Company pushes back on findings from open-label trial

A pre-publication copy of findings from the World Health Organization’s SOLIDARITY trial, which tested the efficacy of repurposing antiviral drugs such as remdesivir to treat Covid-19, rattled the drumbeat of enthusiasm for remdesivir with the finding that it did not significantly reduce Covid-19 mortality or hasten recovery.

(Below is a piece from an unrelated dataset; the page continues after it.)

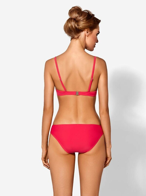 Лиф купального костюма с жесткой формованной чашкой «PUSH-UP» на каркасах, оформлен шнуром контрастного цвета и декоративным украшением по ластовице. Фиксируется регулируемой бретелью и застежкой по спине.Трусы купальные «СЛИП» с низкой линией талии из эластичного трикотажного полотна.

The SOLIDARITY trial reported uniformly null results for all tested treatments:

“In 405 hospitals in 30 countries 11,266 adults were randomized, with 2,750 allocated remdesivir, 954 hydroxychloroquine, 1,411 lopinavir, 651 interferon plus lopinavir, 1,412 only interferon, and 4,088 no study drug. Compliance was 94-96% midway through treatment, with 2-6% crossover. 1,253 deaths were reported (at median day 8, IQR 4-14). Kaplan-Meier 28-day mortality was 12% (39% if already ventilated at randomization, 10% otherwise). Death rate ratios (with 95% CIs and numbers dead/randomized, each drug vs its control) were: Remdesivir RR=0.95 (0.81-1.11, P=0.50; 301/2743 active vs 303/2708 control), hydroxychloroquine RR=1.19 (0.89-1.59, P=0.23; 104/947 vs 84/906), lopinavir RR=1.00 (0.79-1.25, P=0.97; 148/1399 vs 146/1372) and interferon RR=1.16 (0.96-1.39, P=0.11; 243/2050 vs 216/2050). No study drug definitely reduced mortality (in unventilated patients or any other subgroup of entry characteristics), initiation of ventilation, or hospitalization duration.”

The remdesivir findings stood in marked contrast to findings from the National Institute of Allergy and Infectious Diseases sponsored ACTT-1 trial, which found a benefit for remdesivir, the only antiviral treatment that is FDA approved — under an emergency use authorization — for treatment of Covid-19. Remdesivir was one of the drugs given to President Donald J. Trump as part of his treatment for Covid-19.

WHO defended the trial noting that SOLIDARITY was an open-label trial that offered broad access to the drug to a heterogeneous group of patients. As such, the trial provided fast answers that were urgently needed, WHO argued.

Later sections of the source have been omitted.